I care more about not abandoning the function boundaries we have now. If it's a SQL function rather than a pl/pgsql one, great. If we move more logic into the application, we have to start rethinking the design for the forward compatibility of the back end. Not that we can't do it, but that's why it is the way it is.

…

On Tue, Aug 1, 2017 at 10:55 AM Christopher Maier ***@***.***> wrote: ***@***.**** commented on this pull request. ------------------------------ In components/builder-scheduler/src/data_store.rs <#2851 (comment)>: > + END + $$ LANGUAGE plpgsql VOLATILE"#)?; + + migrator.migrate( + "scheduler", + r#"CREATE OR REPLACE FUNCTION delete_job_status_v1 (integer) RETURNS void AS $$ + BEGIN + DELETE FROM job_status + WHERE id IN ( + SELECT id + FROM job_status + ORDER BY created_at ASC + LIMIT $1 + ); + END + $$ LANGUAGE plpgsql VOLATILE"#, Postgres is actually able to inline code and fold function bodies into outer queries in some cases when the function is written in SQL, but can't do that when it's in PL/pgSQL. Another good thing about writing in SQL is that it forces you to express your problem in terms of set operations, which is almost without exception going to be better than expressing it iteratively. For instance, I helped @raskchanky <https://github.com/raskchanky> refactor a PL/pgSQL function that was making n+1 insert statements into an SQL statement that does the same, but in a single operation. True, nothing is stopping you from executing that same single query in a PL/pgSQL function, but that seems like just adding noise at that point. Certainly, if there are situations where we really do need the capabilities of PL/pgSQL (like exception handling, for example), then by all means, we should use PL/pgSQL. You can do a lot more things in SQL in Postgres these days, though, so that's becoming increasingly unnecessary, particularly for the kinds of things we're doing on this project. That, coupled with the clarity that being forced to express your problem in set-oriented operations, makes me reach for SQL first. — You are receiving this because you commented. Reply to this email directly, view it on GitHub <#2851 (comment)>, or mute the thread <https://github.com/notifications/unsubscribe-auth/AAAQ0IKkuCJVRFtIz2OvpyiGUExBpf1vks5sT2abgaJpZM4OnOxv> .

christophermaier

Look good overall, but thinking a bit more on it, I wonder if it'd be better to rethink how we're describing the functionality that's being added here. It seems like we're fundamentally talking about managing a queue in the database, but a lot of the naming is more narrow than that, and potentially confusing. We're not just dealing with the status of a job in a narrow sense; we're managing our queue of work. The more that our tables, functions, etc. reflect that intention, the clearer the code will be.

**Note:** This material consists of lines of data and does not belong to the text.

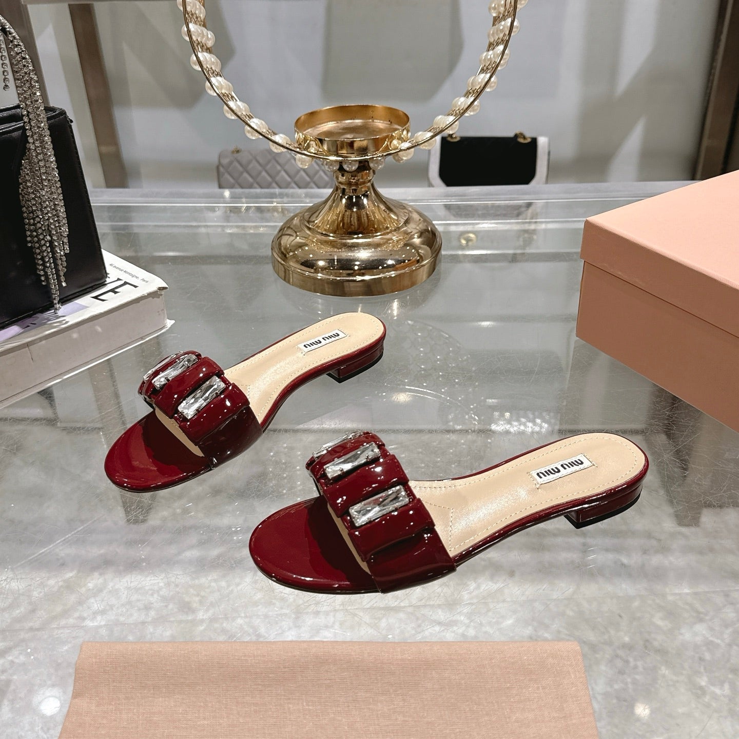 Miu 25C Slippers Red Patent Leather 235323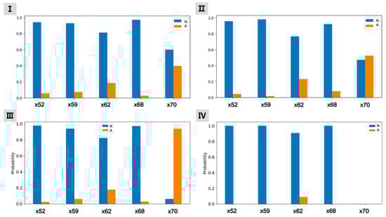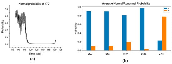 To mitigate the noise in continuous monitoring at the same time to allow for responsive detection of anomaly, this work investigates moving average-based monitoring with finite time window. The normal/abnormal probability is averaged over some specified time horizon, and is updated with a new set of data. The time window of the adjacent averaging window can be overlapped. The four subplots of Figure 11 represent the change in the normal probability of different drones as the time proceeds. The average is taken over 30 s, and every 20 s the average value is updated, meaning that 1/3 of data are overlapped between the consecutive time windows. It can be observed that the abnormal probability of ×70 is about 40% in the first time window, increases to about 55% in the second window, and eventually becomes greater than 90% in the third time window. This way, the anomaly can be monitored in a relatively high frequency without being subject to noise.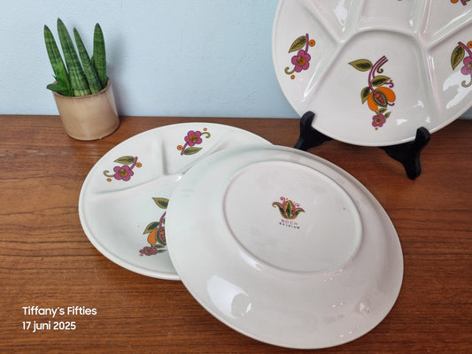 Vintage gebaksbordjes Boch Fil à Fil pastel
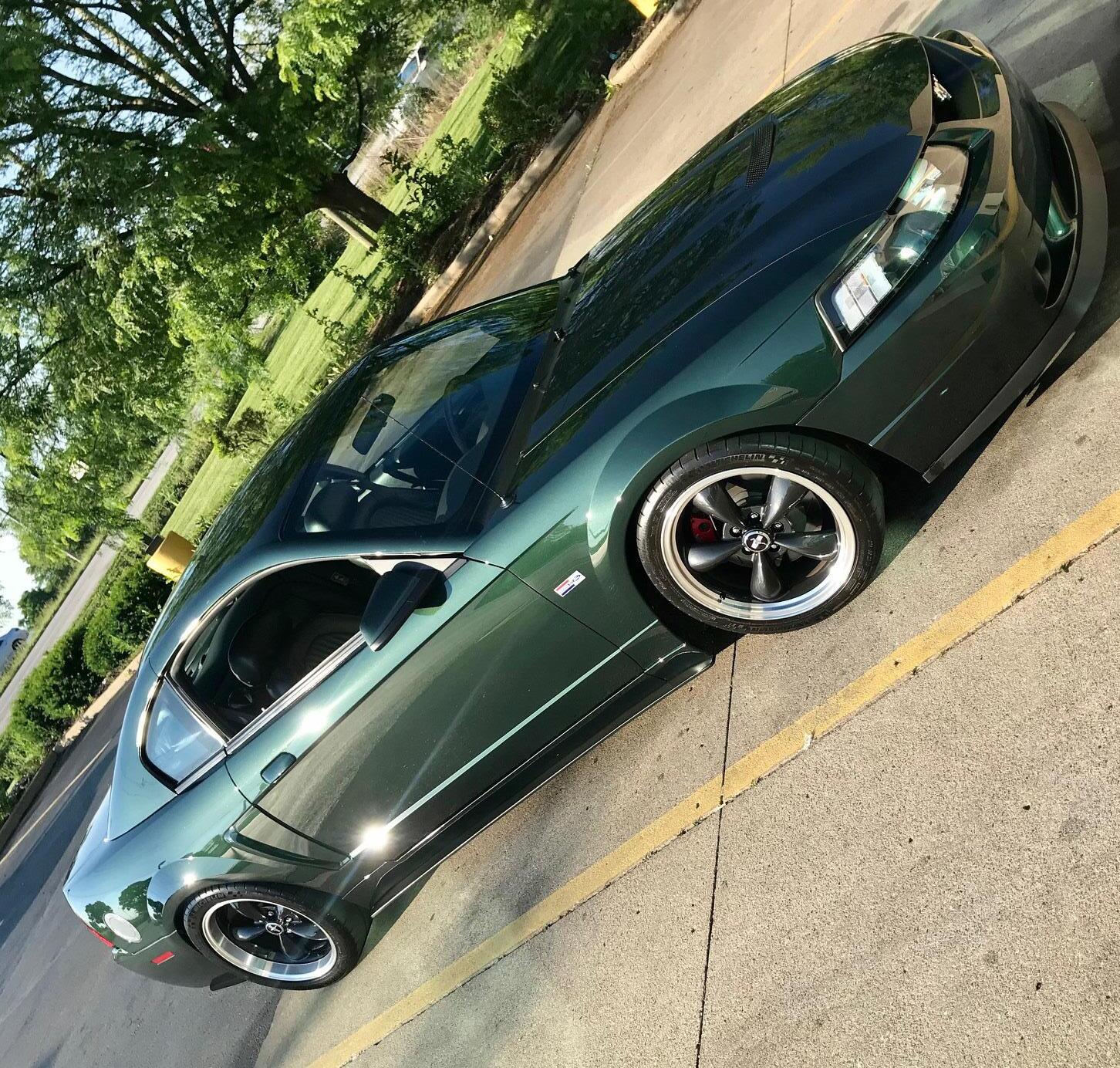 This is my 2001 Bullitt called “The Turtle”. I originally went looking for a Terminator and couldn’t agree on a price but the guy had this Bullitt sitting in the back yard. It was super rough. I bought it cheap. Acid rain, flat tires, you name it, this Mustang needed help. I was going to flip it but here we are 10 years later.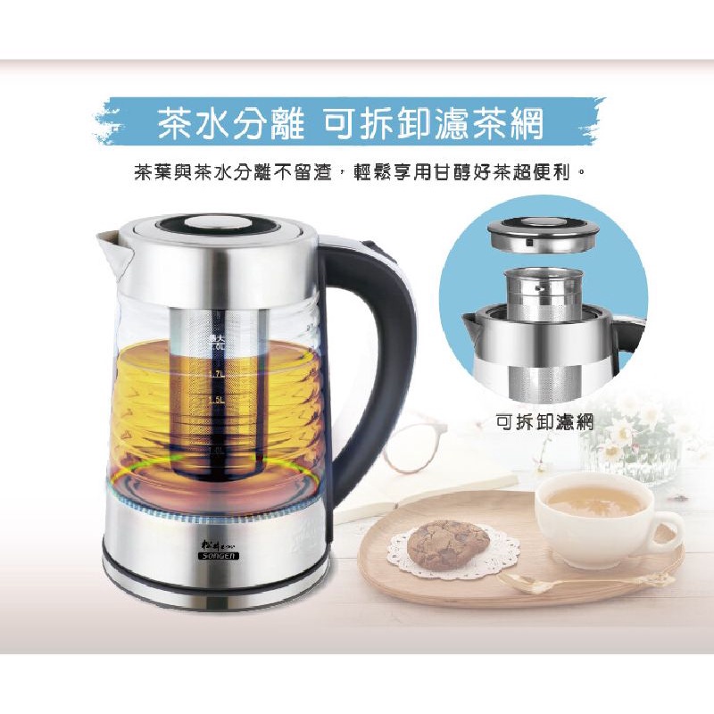 【原廠現貨免運】日本SONGEN 松井まつい濾茶炫光玻璃 快煮壺/電水壺/泡茶機 (SG-722 波浪壺身款)

christophermaier · 2017-08-02T14:15:07Z

components/builder-jobsrv/src/data_store.rs

-        "Failed" => jobsrv::JobState::Failed,
-        _ => return Err(Error::UnknownJobState),
-    };
+    let job_state = jobsrv::JobState::from_str(&js).map_err(


Minor nit pick, but it seems like it's more idiomatic to use parse rather than calling from_str directly.

christophermaier · 2017-08-02T14:22:35Z

components/builder-scheduler/src/server/scheduler.rs

+                        _ => (),
+                    }
+
+                    // Clear the top job status from the queue


This comment isn't quite in line with the implementation anymore.

Signed-off-by: Salim Alam <salam@chef.io>

adamhjk · 2017-08-03T01:14:05Z

Looks good to me. In particular, this is a step toward the right thing regardless - it's either going to be fine for the long term, or need another refactor (one that deals with job volume/persistence in the database) - but assuming @christophermaier feels good, I say merge this.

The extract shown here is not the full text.